▶ _EXERCISE OBJECTIVE_: Write out the entries below exactly, starting at the first line and stopping after the line that contains "Kraj lat dziecińczych..."; skip all pictures.

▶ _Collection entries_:

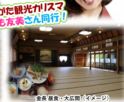
金長 屋食・大広間 (イメージ)

新潟駅南口(9:30) - 満徳寺 (1度回すとすべてのお経を読破する価値があるといわれる「輪蔵」を体験) - JA新潟かがやき (選果・出荷場の見学) - 金長 (歴史ある建物の見学・ご昼食) - 中村観光果樹園 (ショッピング) - 新潟市アグリパーク (農産物直売所でショッピング) - 新潟駅南口(15:30)
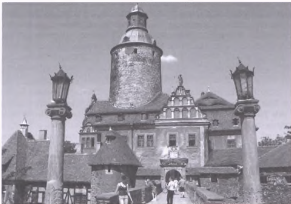
Kraj lat dziecińczych... - Lubań, na zdjęciu zamek Czocha położony nad Zalewem Leśniańskim niedaleko Lubania

ogólniak to imprezy, wygłupy. W 1985 roku wyjechałem na studia, ale kontakt z Lubaniem mam do dzisiaj, bo mieszkają tam rodzice i dwie siostry. Mam kontakt z kolegami i koleżankami.
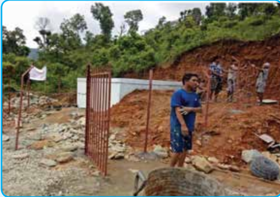
सुनारपानी खानेपानी लिफ्ट मन्थली नपा ५

▶ _THE COMPLETED TASK_:
金長 屋食・大広間 (イメージ)

新潟駅南口(9:30) - 満徳寺 (1度回すとすべてのお経を読破する価値があるといわれる「輪蔵」を体験) - JA新潟かがやき (選果・出荷場の見学) - 金長 (歴史ある建物の見学・ご昼食) - 中村観光果樹園 (ショッピング) - 新潟市アグリパーク (農産物直売所でショッピング) - 新潟駅南口(15:30)
Kraj lat dziecińczych... - Lubań, na zdjęciu zamek Czocha położony nad Zalewem Leśniańskim niedaleko Lubania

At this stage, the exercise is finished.